▶ [EXERCISE AIM]: In the listing below, print exactly the lines between the line holding "Mr Abdalla Hamdok" and the line holding "包装储存:DL-381反渗透", inclusive, and no more.

▶ [DATA FOR PROCESSING]:
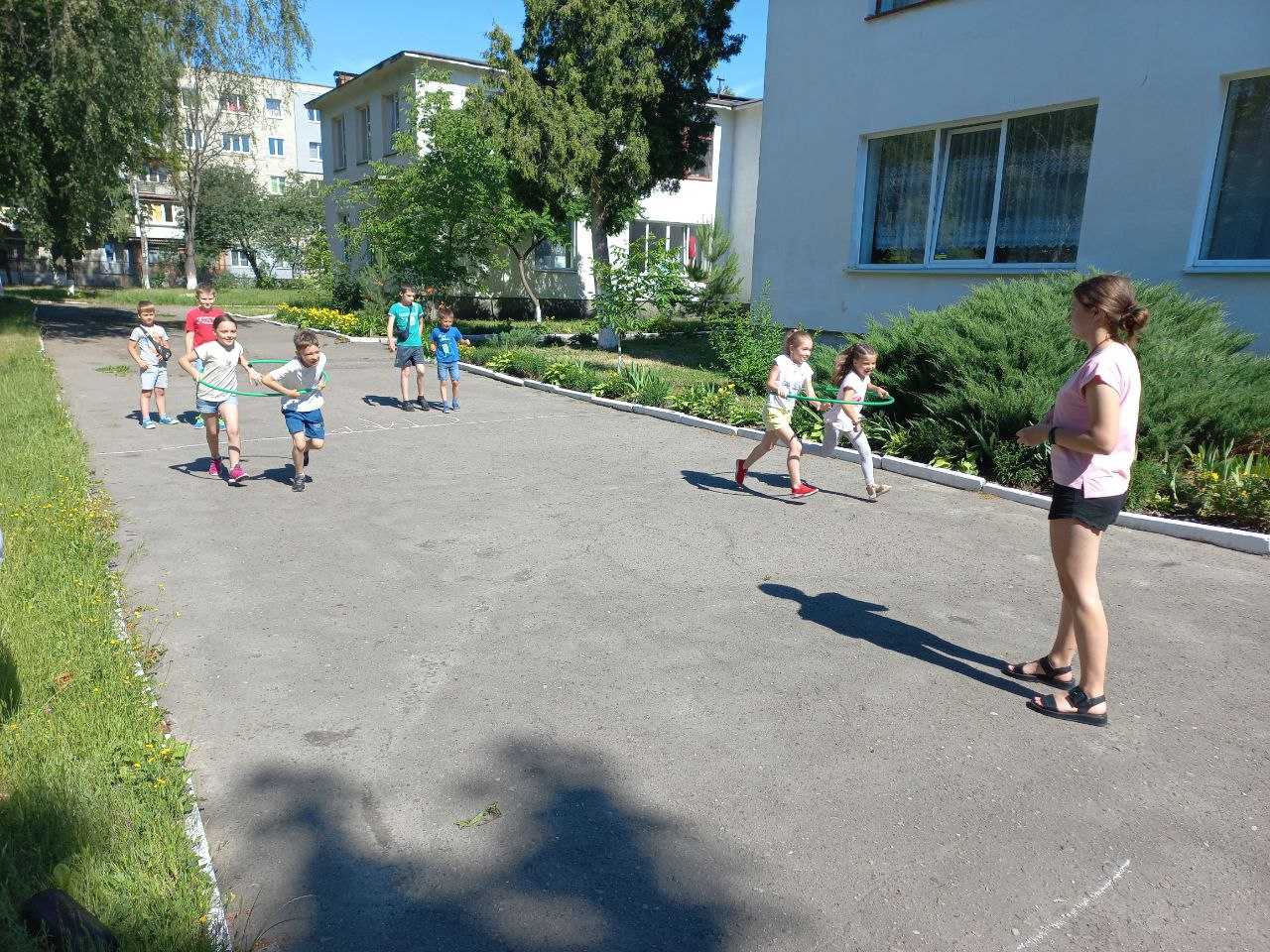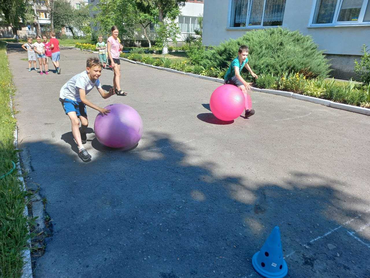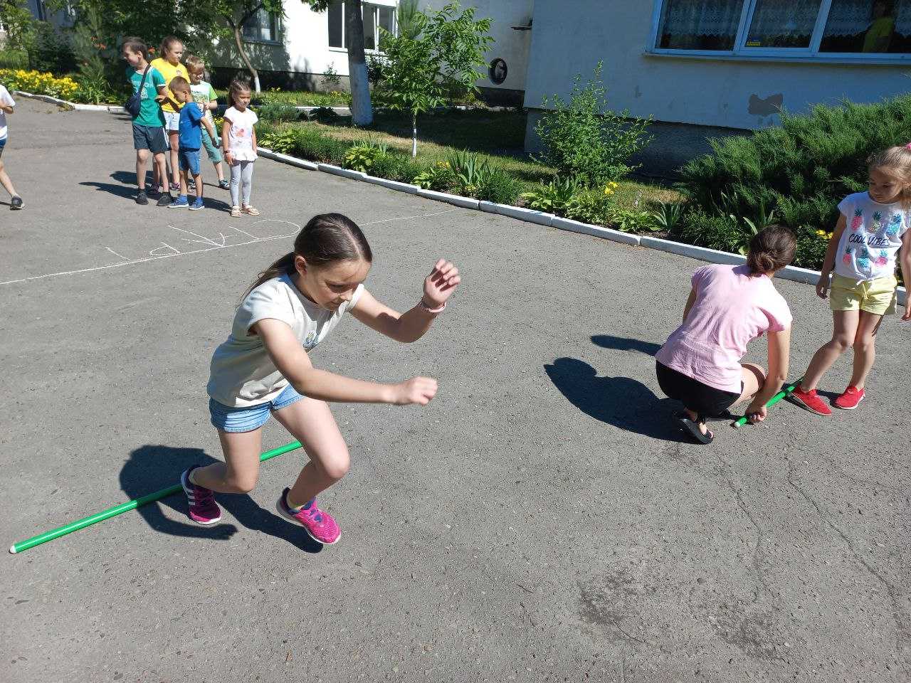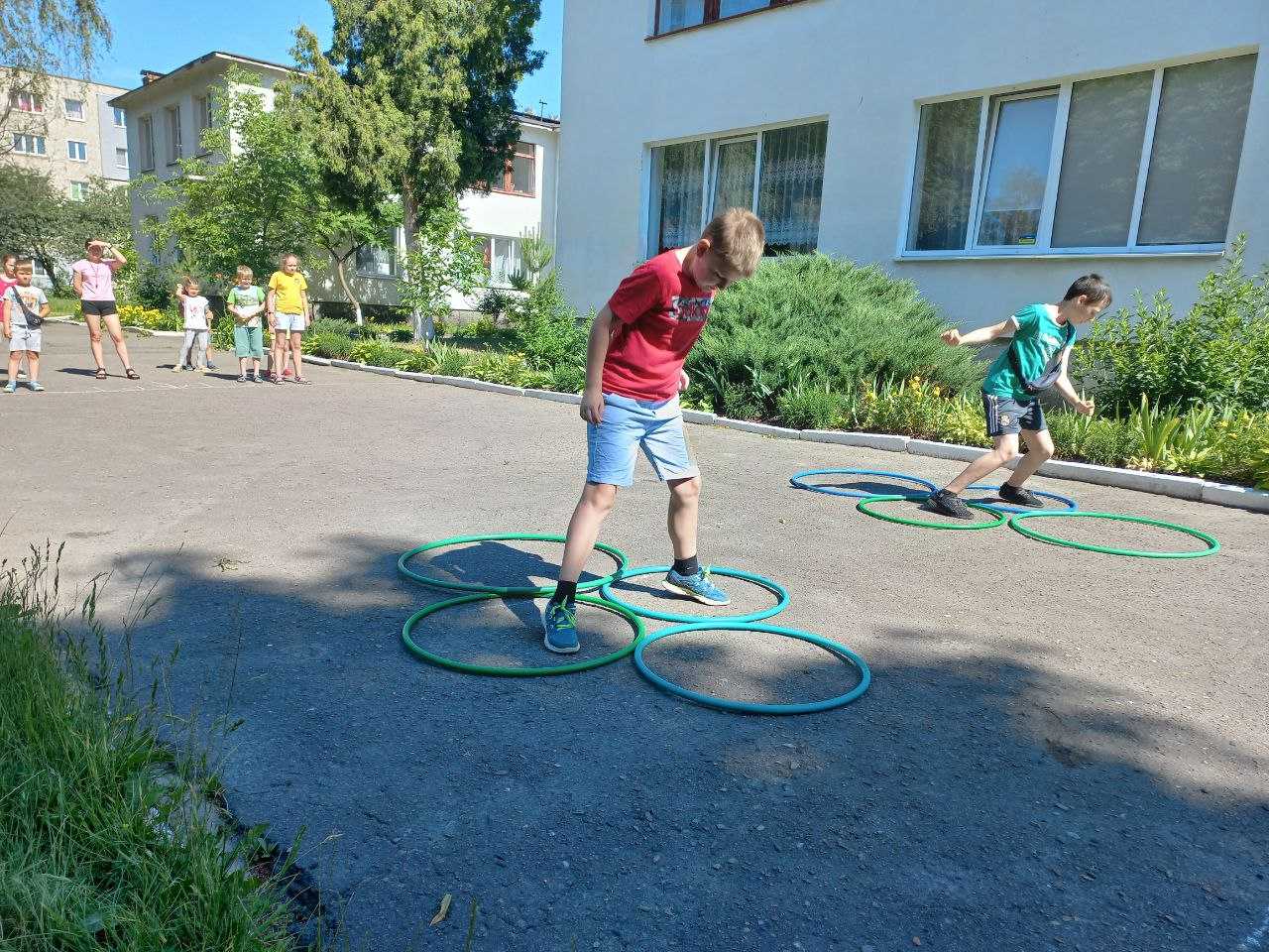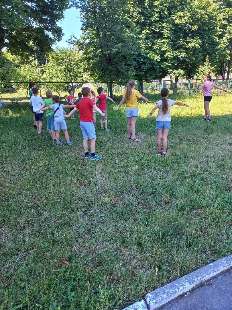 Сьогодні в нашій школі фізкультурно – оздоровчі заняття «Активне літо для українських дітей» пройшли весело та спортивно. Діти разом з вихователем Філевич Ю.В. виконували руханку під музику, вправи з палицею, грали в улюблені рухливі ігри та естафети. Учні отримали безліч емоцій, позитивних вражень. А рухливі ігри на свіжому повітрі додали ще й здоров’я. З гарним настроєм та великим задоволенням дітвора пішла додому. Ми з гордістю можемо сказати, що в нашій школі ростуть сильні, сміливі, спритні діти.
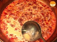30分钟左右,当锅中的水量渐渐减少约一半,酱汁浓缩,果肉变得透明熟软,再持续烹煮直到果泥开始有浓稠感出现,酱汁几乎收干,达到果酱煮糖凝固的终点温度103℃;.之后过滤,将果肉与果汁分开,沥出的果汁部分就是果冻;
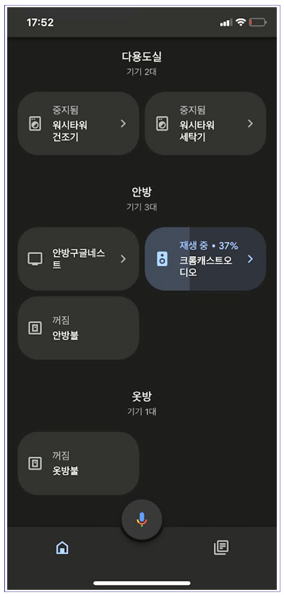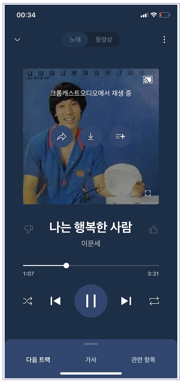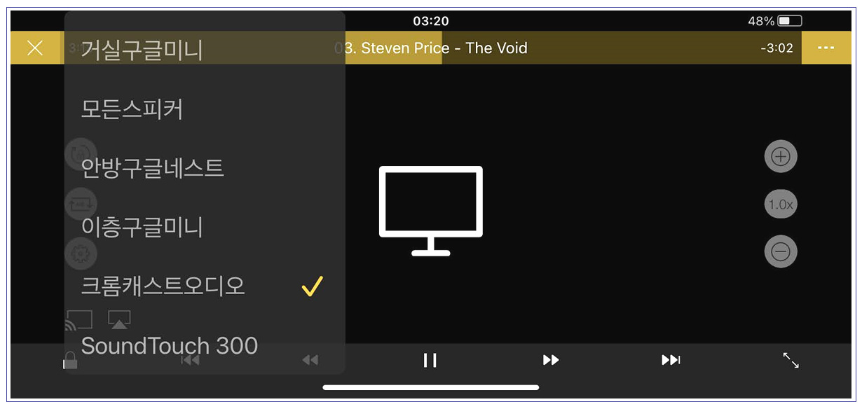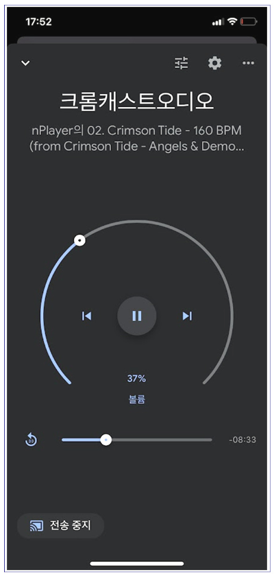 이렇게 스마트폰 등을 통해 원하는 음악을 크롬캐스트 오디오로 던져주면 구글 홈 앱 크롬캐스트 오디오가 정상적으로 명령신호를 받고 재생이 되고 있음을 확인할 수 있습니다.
--
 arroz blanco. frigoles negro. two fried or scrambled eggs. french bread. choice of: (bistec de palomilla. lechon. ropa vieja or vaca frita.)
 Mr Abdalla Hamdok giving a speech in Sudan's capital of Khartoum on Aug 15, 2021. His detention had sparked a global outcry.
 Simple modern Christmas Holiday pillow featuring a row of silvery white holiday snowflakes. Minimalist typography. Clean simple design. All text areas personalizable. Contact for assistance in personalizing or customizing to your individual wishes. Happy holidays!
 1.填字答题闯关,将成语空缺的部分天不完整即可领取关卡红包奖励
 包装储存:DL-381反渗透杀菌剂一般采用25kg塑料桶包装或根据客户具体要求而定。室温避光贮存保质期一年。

▶ [ANSWER]:
 Mr Abdalla Hamdok giving a speech in Sudan's capital of Khartoum on Aug 15, 2021. His detention had sparked a global outcry.
 Simple modern Christmas Holiday pillow featuring a row of silvery white holiday snowflakes. Minimalist typography. Clean simple design. All text areas personalizable. Contact for assistance in personalizing or customizing to your individual wishes. Happy holidays!
 1.填字答题闯关,将成语空缺的部分天不完整即可领取关卡红包奖励
 包装储存:DL-381反渗透杀菌剂一般采用25kg塑料桶包装或根据客户具体要求而定。室温避光贮存保质期一年。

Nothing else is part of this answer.